I was wondering I like this product but can I use displacement in DAZ Studio as a sort of poor-man's Z-Brush? Is there a way to have DS apply the displacement to the mesh at viewPort subD 0 and then save the sculpted changes at subD zero as a new figure?
no, because I have been asking for this since they introduced HD morphs sadly so I can use them as figures in other software
its all part and parcel of the DAZ allowing PA HD morphs only
OK, thanks...
well, bummer.
Beautiful work!
now on the otherhand Will could make a furry HD morph
I did this silly dsplacement map, all I could export it as being a non PA
I don't have Will's shader as I mostly use Octane if I even use DAZ studio, it may work better with his shader
I have access to HD morphs, but honestly... there are only a few situations where I would use it over a Displacement map:
1) The details need to not be straight out. Like, imagine a rose person covered in curved thorns or long curved petals. If I want details that really curve, I need to sculpt it.
Having said that? Even for some REALLY weird monster effects, I rarely need this.
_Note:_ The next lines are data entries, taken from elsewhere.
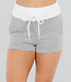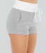 Diese kurzen gestreiften Jogging-Shorts sind aus weichem, dehnbarem Stoff mit hoher Taille gefertigt. Der breite Bund ist mit einer Schleife verschlossen, die an den Enden mit silberfarbenen Nieten besetzt ist. Die Shorts haben zwei seitliche Einschubtaschen und einen engen Sitz an der Hüfte. Perfekt für ein lässiges Outfit!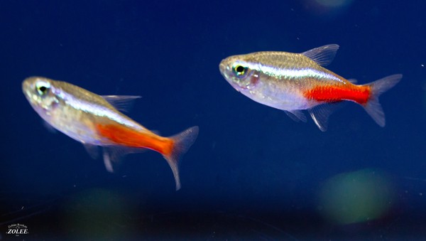 Charakteristika: Čulá, mierumilovná, skupinová rybka. Miluje husto osadené akváriá, ktoré nesmú byť príliš osvetlené. Na bokoch má po celej dĺžke tela výrazný modrý pruh, pod ním v zadnej časti tela jasne červené sfarbenie. U samičiek je telo oblejšie. Začínajúci akvaristi si ju môžu zameniť s neonkou červenou. Tá má však červené celé brucho, tetra má iba červený pruh.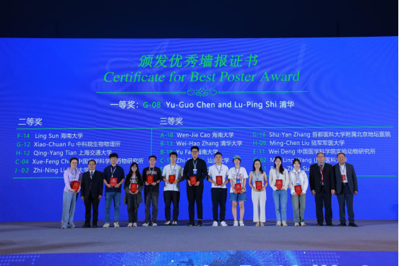 公司张汉霆团队的硕士研究生孙荣臻的墙报《PDE4B inhibitor A33 ameliorates cognitive defects of alcoholic dementia (AlD) in APP/PS1/Tau triple transgenic mice via PDE4B/cAMP/PKA signaling》在此次大会上荣获三等奖。此次壁报比赛竞争异常激烈,共有超过160份壁报参与角逐,最终仅选出16份,淘汰率高达90%。在张汉霆等众多老师的精心指导和全力支持下,孙荣臻同学凭借卓越的创新能力和扎实的科研功底,在众多参赛队伍中脱颖而出,摘得奖项。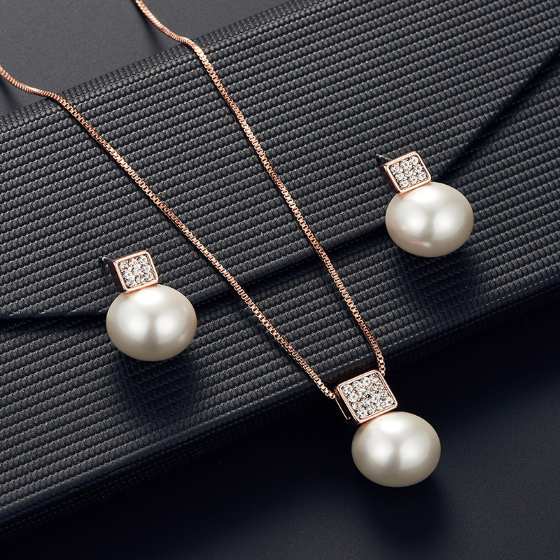 Elegant Imitation Pearl Pendant Women Necklace & Earring Stud Set, Snake Chain Square Metal Frame & Full Crystal Jewelry gold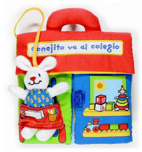 Libro para bebés con conejito de tela como complemento. Esta vez el pequeño conejo va al cole.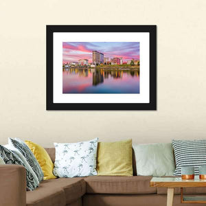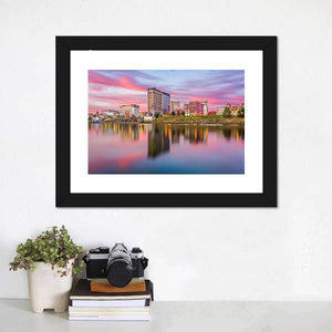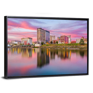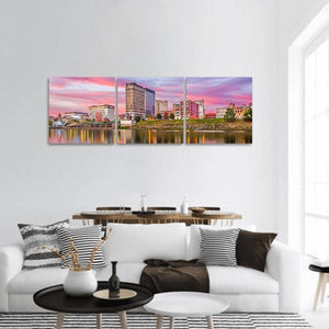 This panoramic canvas captures the Charleston downtown skyline with river, bridge, and varied buildings beneath a pink and purple sunset. The scene feels vibrant yet tranquil, with soft reflections in the water that suit modern living rooms and offices.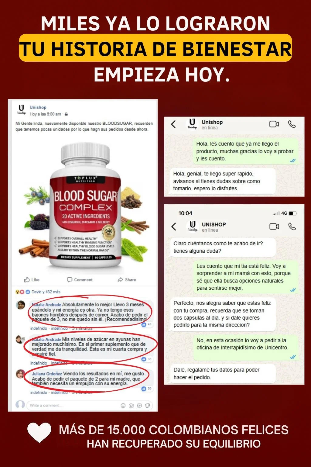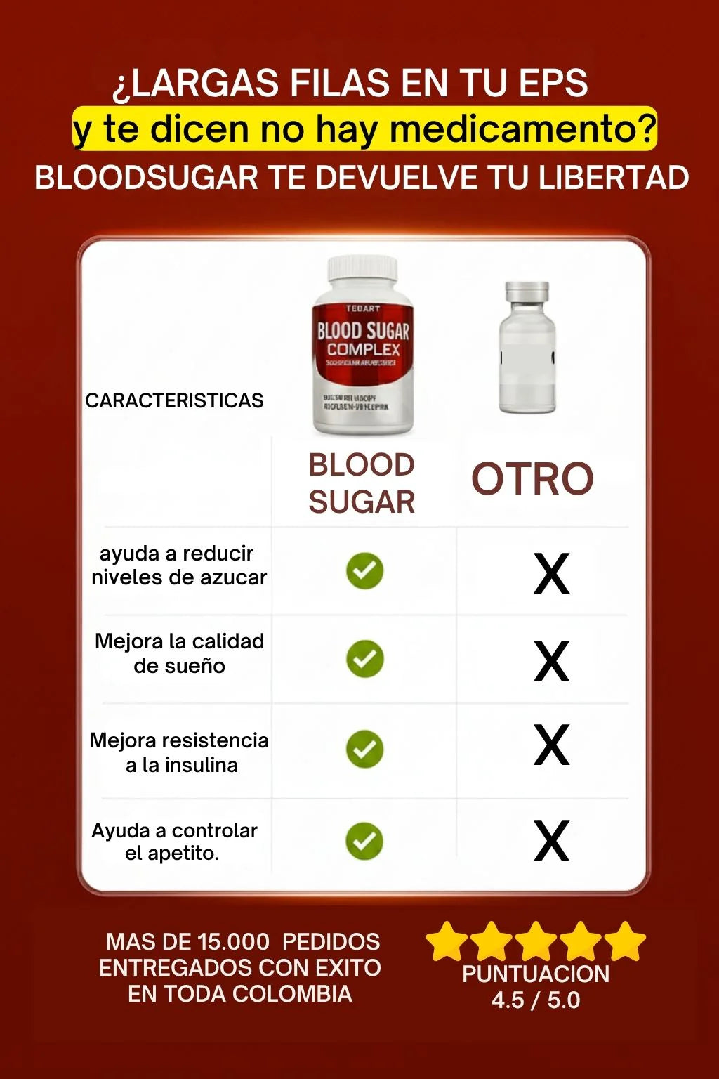 No contiene medicamntos que afecten el organismo. A diferencia de los hipoglucemicos orales, blood sugar complex impacta los niveles gicemicos® proporciona proporcionando menores pinchazos y menores sintomas asociados a la hiperglicemia.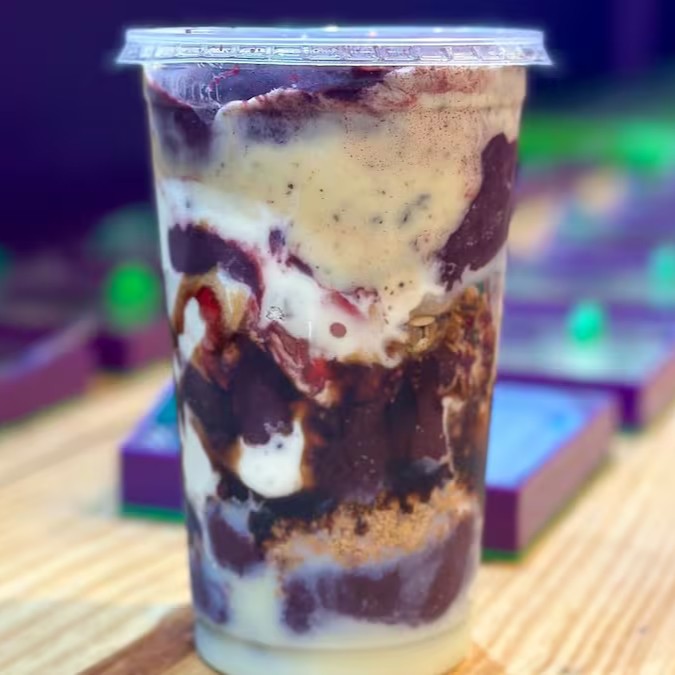 Açai batido com, Leite condensado, Leite pó e Calda de Cookies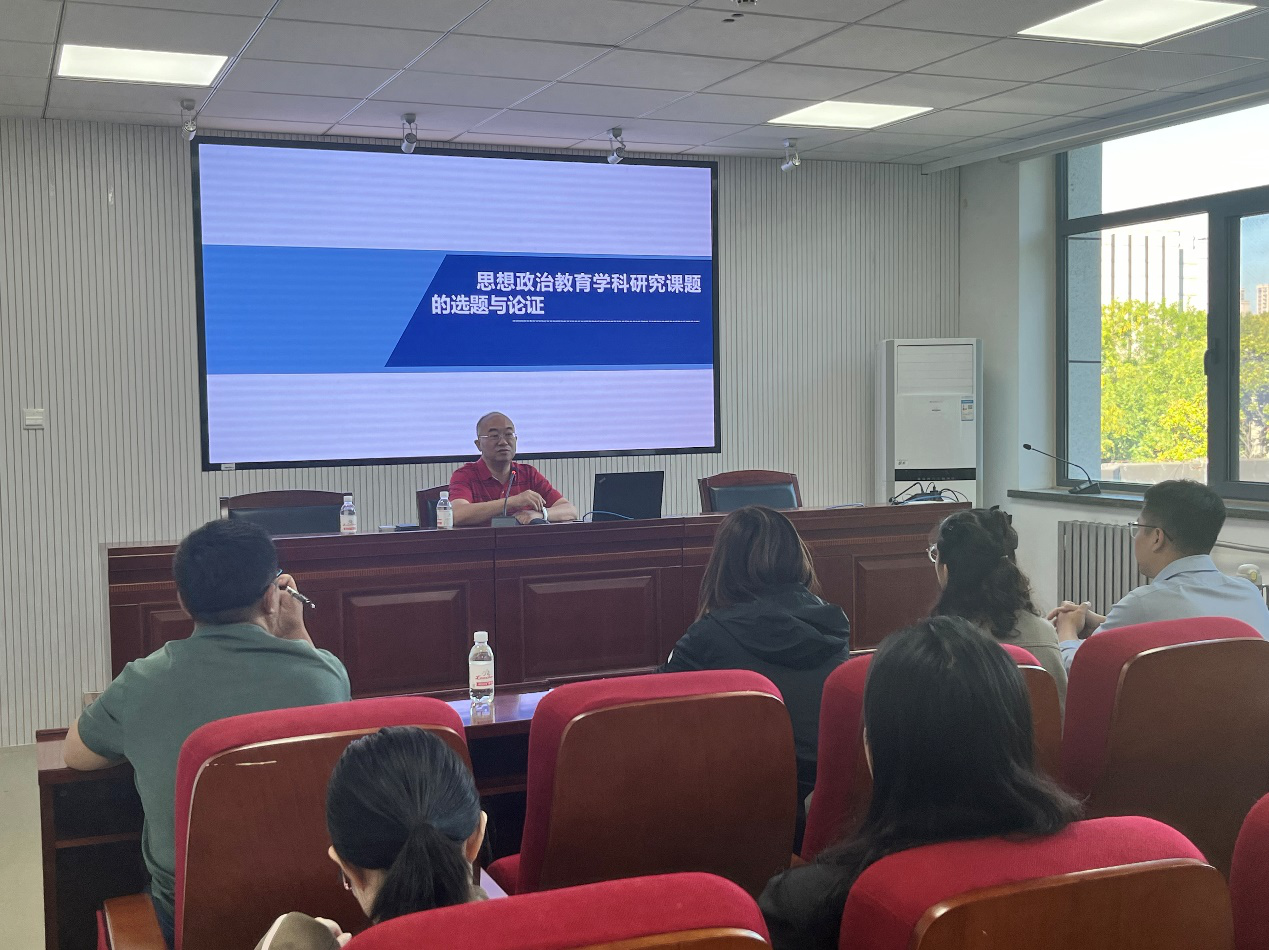 在讲座中,冯刚教授系统梳理了思想政治教育学科发展40年取得的显著成果,介绍了思想政治教育学科的特点、建设成果及新时代创新方向,总结了思想政治教育学科40年发展的规律性认识。他还从研究选题、课题申报书撰写、课题申报中的常见问题等三个方面,对思政学科课题申报进行了讲解,勉励大家立足已有研究基础,借鉴他人成功经验,紧贴热点话题,做好科研选题工作。要注重研究创新和研究规范,避免研究中的一些常见问题。最后,他结合自身科研开展和科研成果,具体阐述了如何做好科研选题与论证工作。

2) You want the freedom to easily mix the details with other displacement/HD morphs. I mean, sure, you could try to combine displacement maps, but...
Again, this rarely comes up, really.
3) More reliable seams.
A displacement map can, if you aren't really careful, come apart at the seams. HD morphs won't.
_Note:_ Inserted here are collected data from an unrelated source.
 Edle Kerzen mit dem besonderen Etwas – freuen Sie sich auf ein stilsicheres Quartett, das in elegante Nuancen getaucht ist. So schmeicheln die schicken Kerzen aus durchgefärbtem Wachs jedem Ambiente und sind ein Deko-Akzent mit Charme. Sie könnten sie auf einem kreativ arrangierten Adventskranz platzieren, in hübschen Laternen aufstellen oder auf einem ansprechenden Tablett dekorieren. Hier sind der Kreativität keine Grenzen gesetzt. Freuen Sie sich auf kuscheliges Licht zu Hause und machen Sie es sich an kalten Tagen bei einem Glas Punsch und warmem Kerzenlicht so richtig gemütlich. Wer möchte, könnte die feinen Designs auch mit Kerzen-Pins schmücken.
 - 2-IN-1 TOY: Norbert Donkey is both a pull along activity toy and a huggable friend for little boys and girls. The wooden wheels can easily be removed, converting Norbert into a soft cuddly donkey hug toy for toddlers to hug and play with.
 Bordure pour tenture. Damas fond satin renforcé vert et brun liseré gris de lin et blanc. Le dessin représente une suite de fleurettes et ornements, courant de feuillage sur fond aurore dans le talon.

And keep in mind that whether you use HD Morphs or Displacement, you STILL need to set the Subd high enough to see the effect, either way.
All in all, though? Unless you are making seriously weird stuff, displacement is fine. A number of programs will let you take a high density mesh and 'bake' it out into a displacement and/or normal map. (I recommend Mudbox, because it works well and it's also only $10/month!)
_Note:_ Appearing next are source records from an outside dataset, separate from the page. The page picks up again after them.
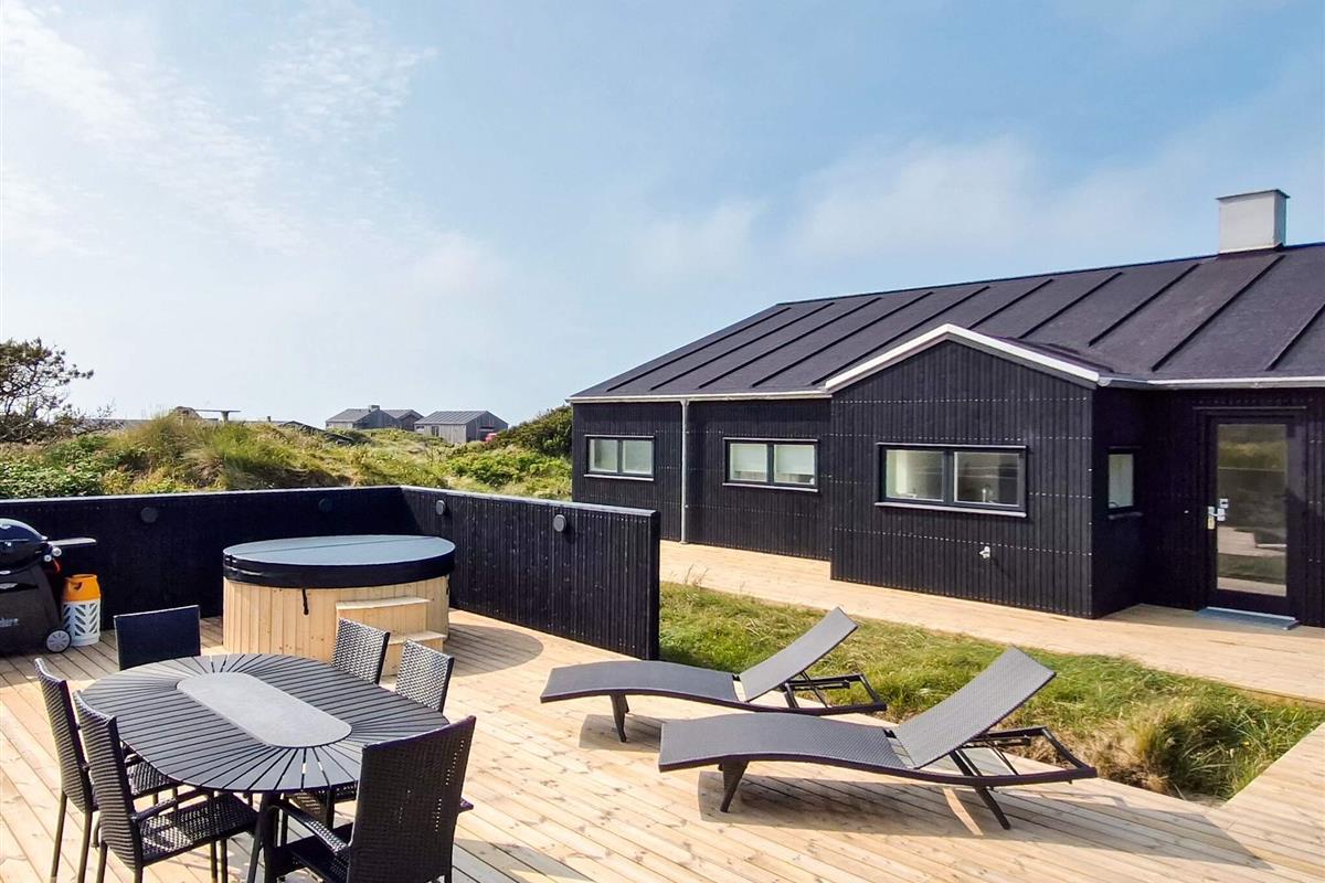 Im Außenbereich erwarten Sie zwei große, gut gelegene Terrassen mit insgesamt 196 m² großer Fläche, darunter zwei überdachte Terrassen mit 32 m² bzw. 6 m², mit Blick auf die Umgebung und zur Nordsee. Zur Erholung steht zudem ein Badezuber bereit.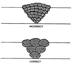 Figure 3-35.-Weld passes. To control the forces of expansion and contraction, you preheat the entire structure before welding. After the welding is complete, you allow the structure to cool slowly. More about preheating and postheating is discussed later in this training manual. Limit the Number of Weld Passes You can keep distortion to a minimum by using as few weld passes as possible. You should limit the number of weld passes to the number necessary to meet the requirements of the job. (See fig. 3-35.) Use Jigs and Fixtures Since holding the metal in a fixed position prevents excessive movements, the use of jigs and fixtures can help prevent distortion. A jig or fixture is simply a device used to hold the metal rigidly in position during the welding operation. Allow for Distortion A simple remedy for the distortion caused by expansion and contraction is to allow for it during fit-up. To reduce distortion, you angle the parts to be welded slightly in the opposite direction in which the contraction takes place. When the metal cools, contraction forces pull the pieces back into position. Figure 3-36 shows how distortion can be overcome in both the butt and tee joints. There is more to being a good welder than just being able to lay a good bead. There are many factors that must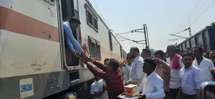 Galudih BJP workers welcomed the train’s crew with traditional garlands.
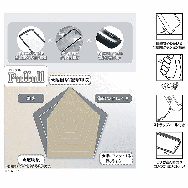 背面は傷に強いポリカーボネート、側面には厚みのあるTPU素材を使用し、安心感のある使い心地を実現しました。

My recommendation is use Normal maps for fine details that don't significantly alter the surface, and then both Displacement and Normal maps to get a lot of movement plus fine detail.
thanks
Congrats on this product, Oso, I'll have it with my next purchase
Would be possible to do a poodle dog fur? Thanks!
I wish your next product to have a focus on creating new organic and horror skins
EquisVoid: Not my next product, but I do have such things in mind down the road. ;)
nice! thanks.
j
Below is my try with Millenium Cat.
Any possibility to create masks around eyes, nose etc in Daz Studio itself?
Having a gravity and comb/rotate fur properties in the shader will be awesome.
What is the purpose of the presets in the Animal folder?
I have tried OFS Cat Fur preset from Animals\MilCat\Hair\Oso3D\Furry
but it does nothing.
There is no mention of the presets in the documentation, either.